◆ **EXERCISE DATA**:
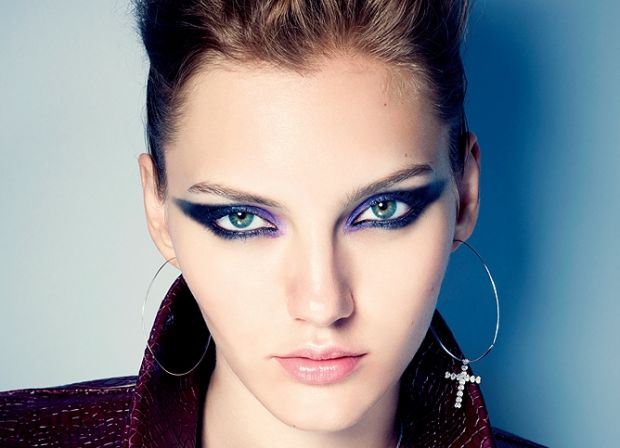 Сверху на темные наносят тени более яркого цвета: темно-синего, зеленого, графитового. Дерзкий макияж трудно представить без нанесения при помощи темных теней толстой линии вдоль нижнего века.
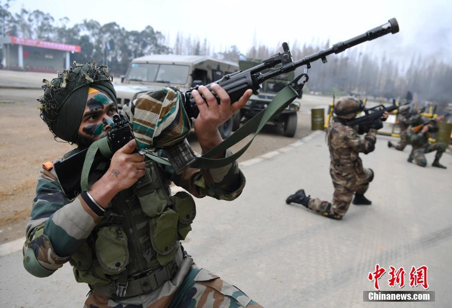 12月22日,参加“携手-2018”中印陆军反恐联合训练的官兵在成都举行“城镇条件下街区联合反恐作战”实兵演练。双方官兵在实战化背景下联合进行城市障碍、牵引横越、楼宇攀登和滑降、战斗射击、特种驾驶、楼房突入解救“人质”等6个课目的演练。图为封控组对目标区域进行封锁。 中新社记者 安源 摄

---

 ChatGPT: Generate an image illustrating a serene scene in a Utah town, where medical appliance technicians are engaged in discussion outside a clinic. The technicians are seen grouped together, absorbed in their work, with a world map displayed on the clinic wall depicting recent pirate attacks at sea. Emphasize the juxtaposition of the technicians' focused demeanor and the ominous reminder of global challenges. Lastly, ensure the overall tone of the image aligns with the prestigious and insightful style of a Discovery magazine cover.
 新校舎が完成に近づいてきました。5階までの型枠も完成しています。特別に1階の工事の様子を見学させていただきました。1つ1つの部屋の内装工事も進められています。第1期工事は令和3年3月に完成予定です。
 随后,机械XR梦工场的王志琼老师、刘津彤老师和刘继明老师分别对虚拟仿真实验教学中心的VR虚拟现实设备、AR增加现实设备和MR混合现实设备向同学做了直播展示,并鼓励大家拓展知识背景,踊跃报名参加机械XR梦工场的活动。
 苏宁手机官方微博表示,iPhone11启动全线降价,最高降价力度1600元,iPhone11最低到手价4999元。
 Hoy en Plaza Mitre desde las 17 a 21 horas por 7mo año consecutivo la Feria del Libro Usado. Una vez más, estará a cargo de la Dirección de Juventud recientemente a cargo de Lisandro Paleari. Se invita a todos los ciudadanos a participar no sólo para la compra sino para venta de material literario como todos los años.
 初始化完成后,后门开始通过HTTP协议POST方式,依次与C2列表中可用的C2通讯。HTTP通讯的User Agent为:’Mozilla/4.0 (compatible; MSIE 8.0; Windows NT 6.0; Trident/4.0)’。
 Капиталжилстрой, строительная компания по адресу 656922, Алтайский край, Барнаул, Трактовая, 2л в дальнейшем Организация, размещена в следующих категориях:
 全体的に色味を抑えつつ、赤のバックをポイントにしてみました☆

* * *

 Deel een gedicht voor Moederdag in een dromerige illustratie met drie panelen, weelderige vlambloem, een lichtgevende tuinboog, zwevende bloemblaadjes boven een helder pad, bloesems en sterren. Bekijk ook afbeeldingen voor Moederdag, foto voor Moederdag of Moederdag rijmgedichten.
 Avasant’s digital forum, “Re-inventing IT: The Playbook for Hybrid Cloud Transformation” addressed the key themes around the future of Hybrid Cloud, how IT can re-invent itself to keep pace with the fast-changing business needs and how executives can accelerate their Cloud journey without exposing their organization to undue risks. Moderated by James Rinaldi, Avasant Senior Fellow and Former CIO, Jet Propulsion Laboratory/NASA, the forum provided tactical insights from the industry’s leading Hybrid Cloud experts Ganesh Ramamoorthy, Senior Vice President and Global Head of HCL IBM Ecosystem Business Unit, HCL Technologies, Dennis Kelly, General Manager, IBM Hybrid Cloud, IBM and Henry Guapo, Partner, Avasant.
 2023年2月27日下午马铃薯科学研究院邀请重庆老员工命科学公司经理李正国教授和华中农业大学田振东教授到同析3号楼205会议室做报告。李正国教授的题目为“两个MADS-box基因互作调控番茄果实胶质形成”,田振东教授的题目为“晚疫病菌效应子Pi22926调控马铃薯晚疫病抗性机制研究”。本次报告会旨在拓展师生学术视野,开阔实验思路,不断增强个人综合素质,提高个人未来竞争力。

◆ **WHAT TO DO**: Which lines run from the one holding "苏宁手机官方微博表示,iPh" through the one holding "Hoy en Plaza" in the records above? Repeat them exactly, both included, and nothing more.

◆ **RESPONSE AREA**:
 苏宁手机官方微博表示,iPhone11启动全线降价,最高降价力度1600元,iPhone11最低到手价4999元。
 Hoy en Plaza Mitre desde las 17 a 21 horas por 7mo año consecutivo la Feria del Libro Usado. Una vez más, estará a cargo de la Dirección de Juventud recientemente a cargo de Lisandro Paleari. Se invita a todos los ciudadanos a participar no sólo para la compra sino para venta de material literario como todos los años.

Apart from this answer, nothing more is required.